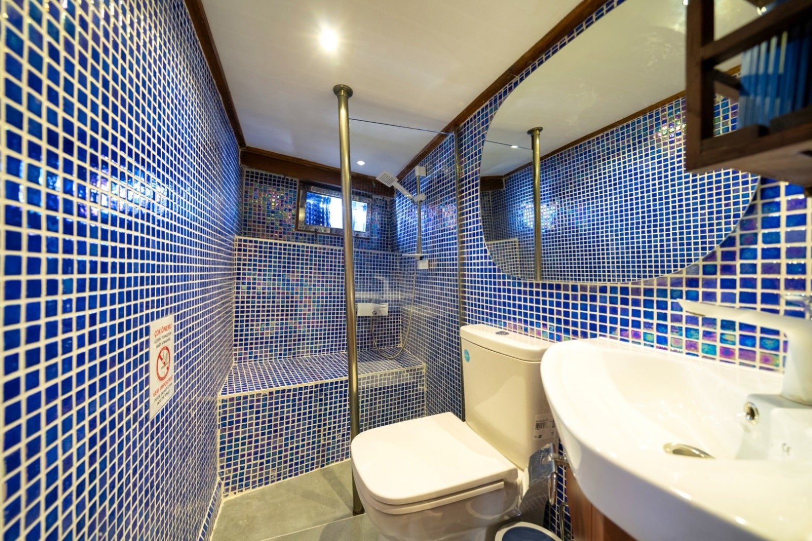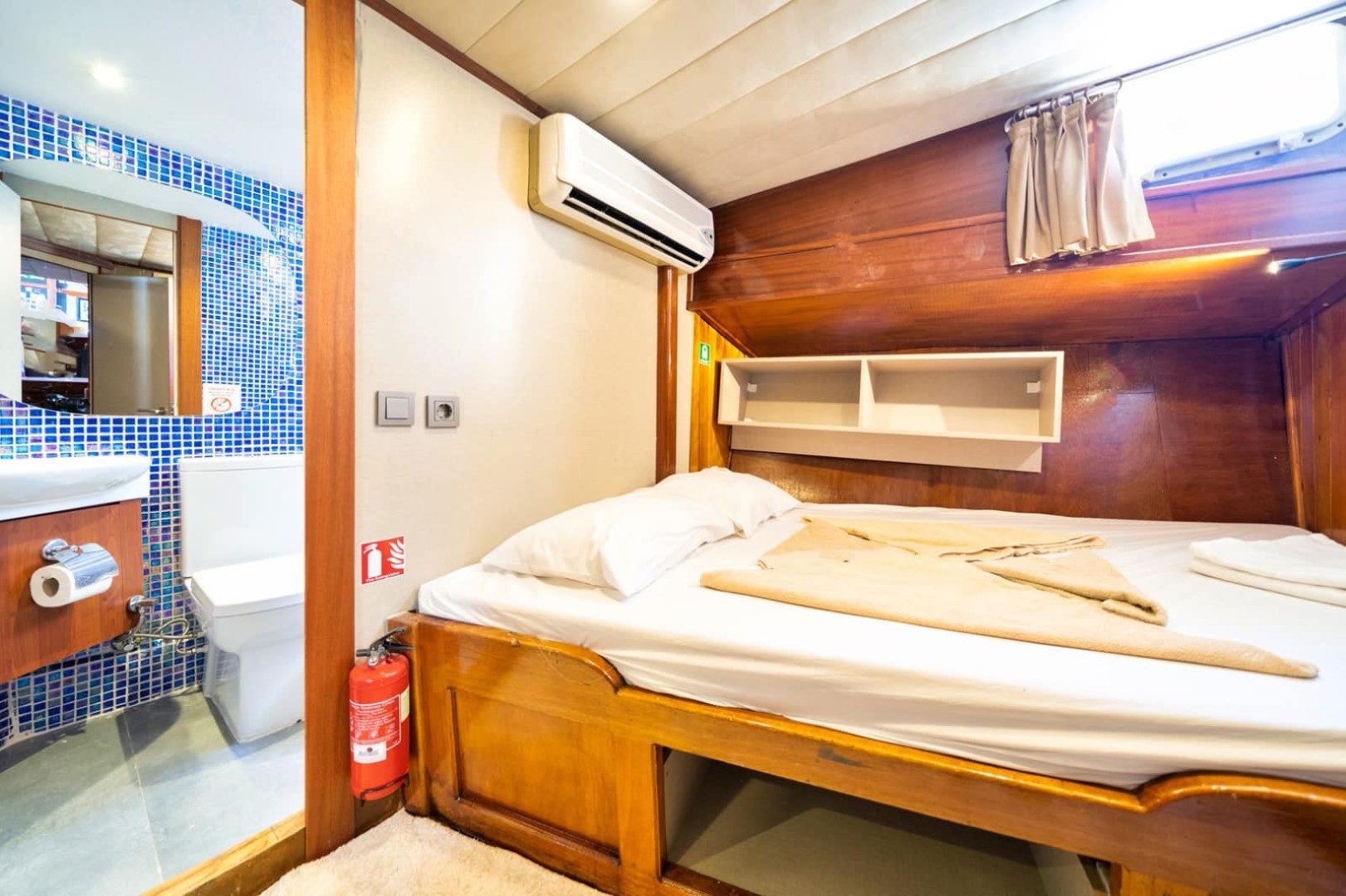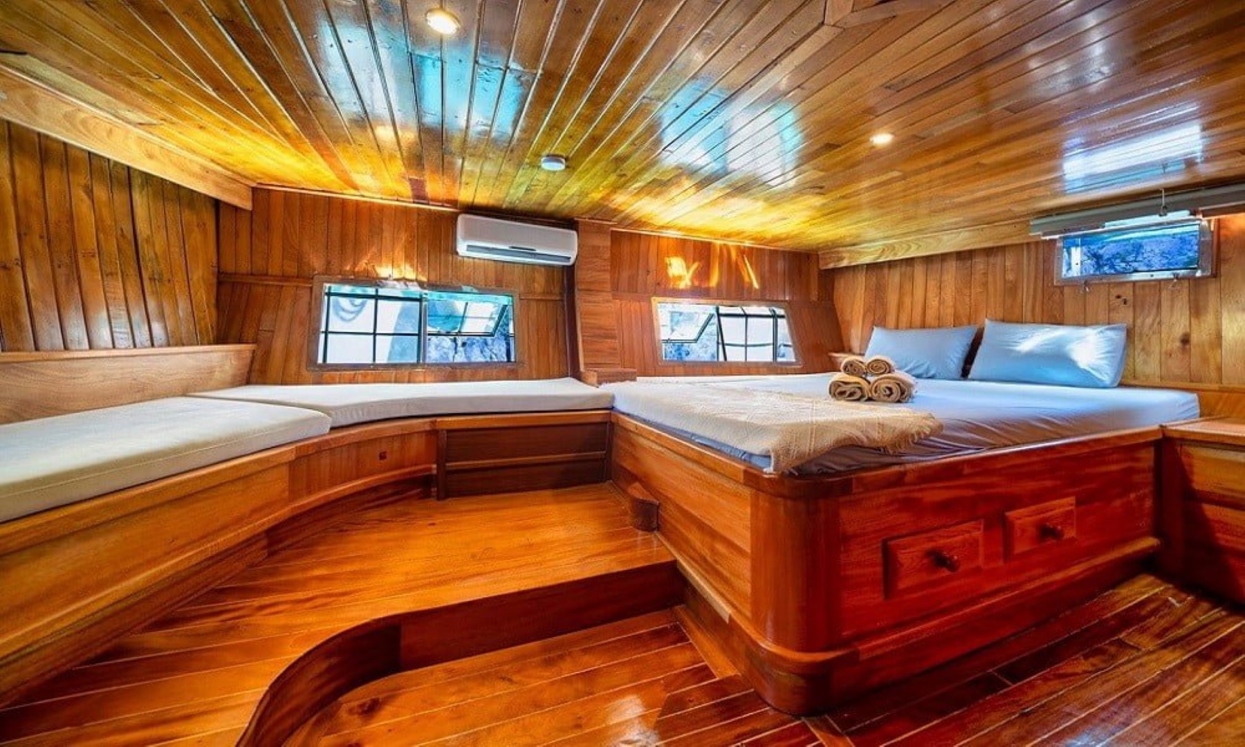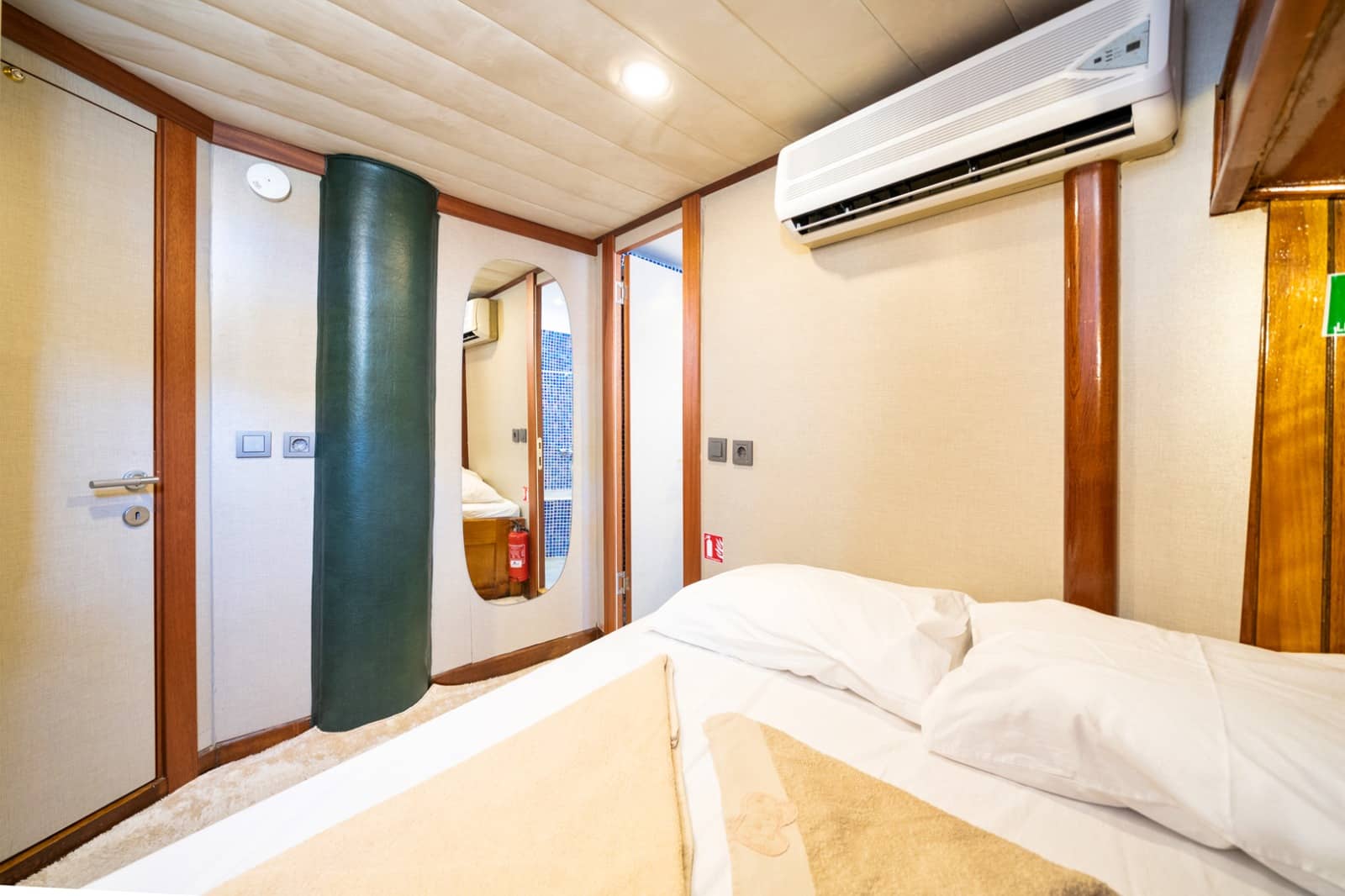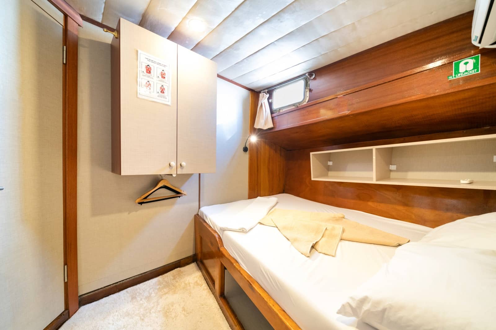 Gulet Serenidad; 1 Master Kabin, 5 Double Kabin olmak üzere toplam 6 kabini mevcuttur. Kabinlerin her birinde kendine ait duş, WC ve
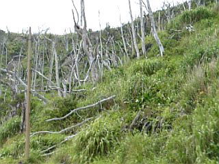 島の木々はみな、火山ガスやらpH2の酸性雨でやられてしまう
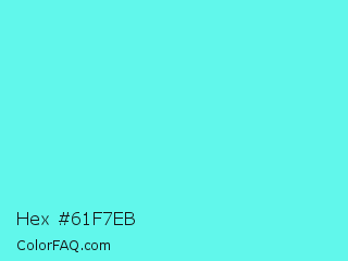 Hex #61f7eb Color is a light cyan color and the nearest color is Turquoise Blue #6cdae7. Hex code #61f7eb and RGB value is rgb(97,247,235). In RGB color space, this color is composed of 38% red, 97% green, 92% blue, In CMYK color space, this color is composed of 61% cyan, 0% magenta, 5% yellow , 3% black , In HSL color space, this color has a hue angle of 175° , 90% saturation and 67% lightness.
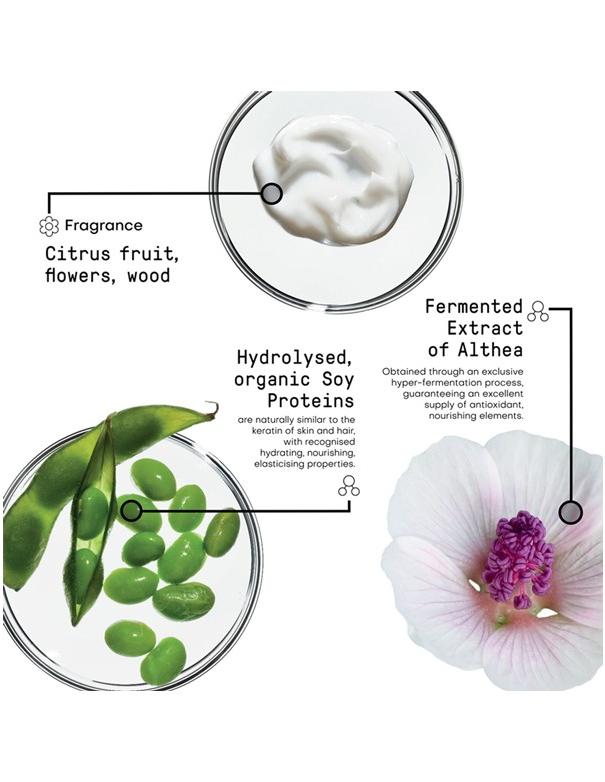- Fermented Extract of Althea: Natural Amino Acids strengthen damaged, weak hair and treat dry, brittle hair by repairing and providing healthy moisture levels within the hair / Soothes an easily irritated scalp providing a protective film on the hair / Detangles, hydrates, and protects hair
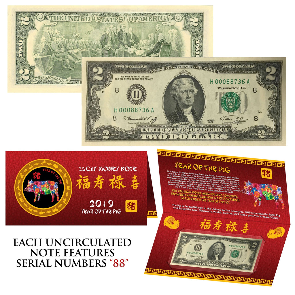 In celebration of the 2019 Year of the Pig Chinese Lunar New Year, we have announced the newest addition to its Lucky Money Collection…2019 Year of the Pig Lucky 8’s Serial Number Banknotes. The Year of the Pig 2019 product is designed with Decorative Chinese Symbolism and packaged in a Symbolic Red Folder adorned in Full-Color. Each folder contains an uncirculated Genuine Legal Tender United States Banknote.
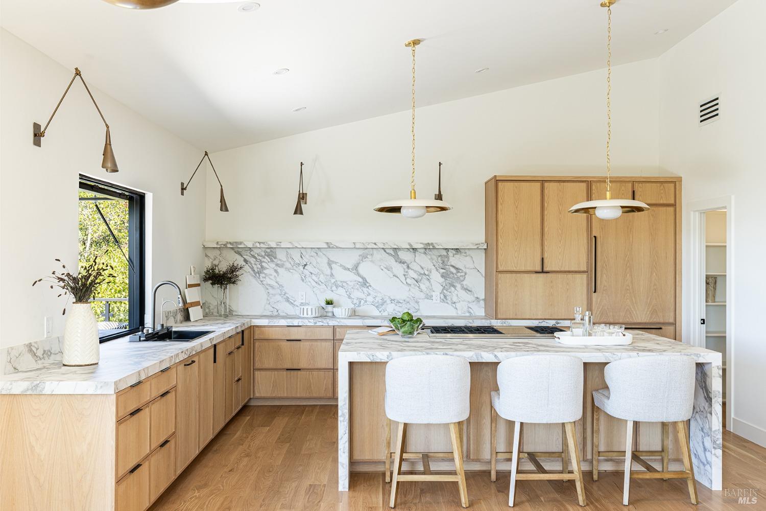 Set in Napa's sought-after Alta Heights neighborhood, this newly reimagined residence blends elevated design with modern California comfort. Completed in early 2025, the home offers 3 beds, 3 baths and 2 powder rooms, across a thoughtful and contemporary refined layout. Vaulted ceilings and expansive windows frame sweeping views from Napa to San Pablo Bay. A beautiful glass NanaWall opens to an expansive deck, creating seamless indoor-outdoor flow ideal for entertaining both indoors and outdoors in Napa Valley's temperate climate. The chef's kitchen features Sub-Zero and Wolf appliances, a waterfall island, and a walk-in pantry. The primary suite offers a tranquil escape with a spa-inspired bath, soaking tub, dual-head shower, and generous walk-in closet. On the lower level, a private guest wing includes two bedrooms, two bathrooms, a laundry room, and a versatile den or office opening to a covered patio and lush garden. Rebuilt from the ground up with all-new systems, including HVAC, plumbing, electrical, roof, windows, and doors, this turnkey home offers enduring quality and peace of mind. Just moments from the vibrant core of Downtown Napa, enjoy easy access to acclaimed restaurants, boutique shops, tasting rooms, and the local music and arts scene.Interested in this Listing?

——————

§ **YOUR OBJECTIVE**
Set the records down again precisely, skipping every image.

§ **PROBLEM SOLUTION**
 Gulet Serenidad; 1 Master Kabin, 5 Double Kabin olmak üzere toplam 6 kabini mevcuttur. Kabinlerin her birinde kendine ait duş, WC ve
 島の木々はみな、火山ガスやらpH2の酸性雨でやられてしまう
 Hex #61f7eb Color is a light cyan color and the nearest color is Turquoise Blue #6cdae7. Hex code #61f7eb and RGB value is rgb(97,247,235). In RGB color space, this color is composed of 38% red, 97% green, 92% blue, In CMYK color space, this color is composed of 61% cyan, 0% magenta, 5% yellow , 3% black , In HSL color space, this color has a hue angle of 175° , 90% saturation and 67% lightness.
- Fermented Extract of Althea: Natural Amino Acids strengthen damaged, weak hair and treat dry, brittle hair by repairing and providing healthy moisture levels within the hair / Soothes an easily irritated scalp providing a protective film on the hair / Detangles, hydrates, and protects hair
 In celebration of the 2019 Year of the Pig Chinese Lunar New Year, we have announced the newest addition to its Lucky Money Collection…2019 Year of the Pig Lucky 8’s Serial Number Banknotes. The Year of the Pig 2019 product is designed with Decorative Chinese Symbolism and packaged in a Symbolic Red Folder adorned in Full-Color. Each folder contains an uncirculated Genuine Legal Tender United States Banknote.
 Set in Napa's sought-after Alta Heights neighborhood, this newly reimagined residence blends elevated design with modern California comfort. Completed in early 2025, the home offers 3 beds, 3 baths and 2 powder rooms, across a thoughtful and contemporary refined layout. Vaulted ceilings and expansive windows frame sweeping views from Napa to San Pablo Bay. A beautiful glass NanaWall opens to an expansive deck, creating seamless indoor-outdoor flow ideal for entertaining both indoors and outdoors in Napa Valley's temperate climate. The chef's kitchen features Sub-Zero and Wolf appliances, a waterfall island, and a walk-in pantry. The primary suite offers a tranquil escape with a spa-inspired bath, soaking tub, dual-head shower, and generous walk-in closet. On the lower level, a private guest wing includes two bedrooms, two bathrooms, a laundry room, and a versatile den or office opening to a covered patio and lush garden. Rebuilt from the ground up with all-new systems, including HVAC, plumbing, electrical, roof, windows, and doors, this turnkey home offers enduring quality and peace of mind. Just moments from the vibrant core of Downtown Napa, enjoy easy access to acclaimed restaurants, boutique shops, tasting rooms, and the local music and arts scene.Interested in this Listing?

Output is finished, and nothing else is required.